The timing of this rally also does not bode well for what lies ahead, says Jeffery Hirsch, editor of the Stock Trader's Almanac, who notes the market's traditional bullish period runs from November-April.

"Some of the old seasonality may not be in effect; that in itself is a negative indication," says Hirsch. "We've stalled at that 8000-ish resistance level and we’ve got the bad season coming on."

Hirsch notes that the Dow has had only four up months in the 17 dating back to Nov 2007--right after the record highs of October--and that the market has posted gains on only two Mondays since early December, suggesting investors don't want to jump back in after the weekend when they are traditionally loathe to be long. 

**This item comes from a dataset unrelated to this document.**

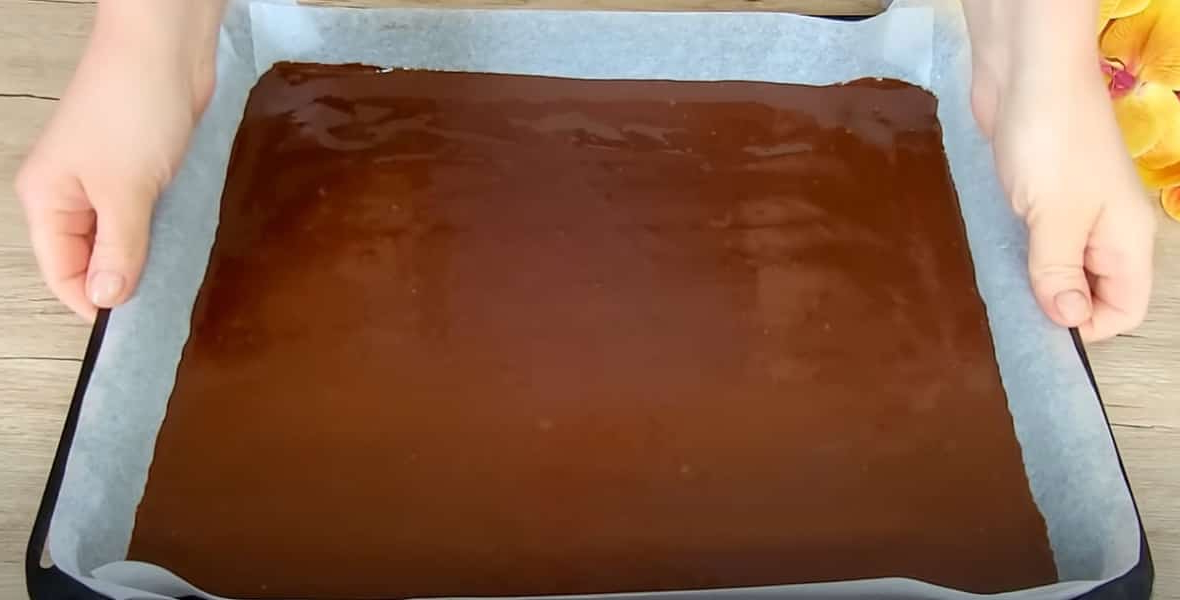 Перелийте тісто у форму, застелену пергаментом, і рівномірно розподіліть.

That sort of bearishness does not mix well with seasonal performance, especially when investors remember the two previous major false bottoms of this bear market.

I haven't done any "seasonal" moves, yet.  One thought would be that since the market has moved up since Monday's fall, stay with it until we have another large distribution day and/or an IBD sell signal.  Or wait until after the beginning of the month strength (should it happen).  But so far the market has moved up since Monday's selling, so no reason to act too soon and try to anticipate a top.  Could just wait and see what happens what internals look like should we revisit the top and try to break through.

Then should one raise cash, the next question is what do to with it.  Interest rates are nil, and who wants to go in short-term treasuries when the government is spending trillions via deficit spending?  (Especially if one thinks the economy is recoverying and the Fed will be behind the curve in anticipating inflation).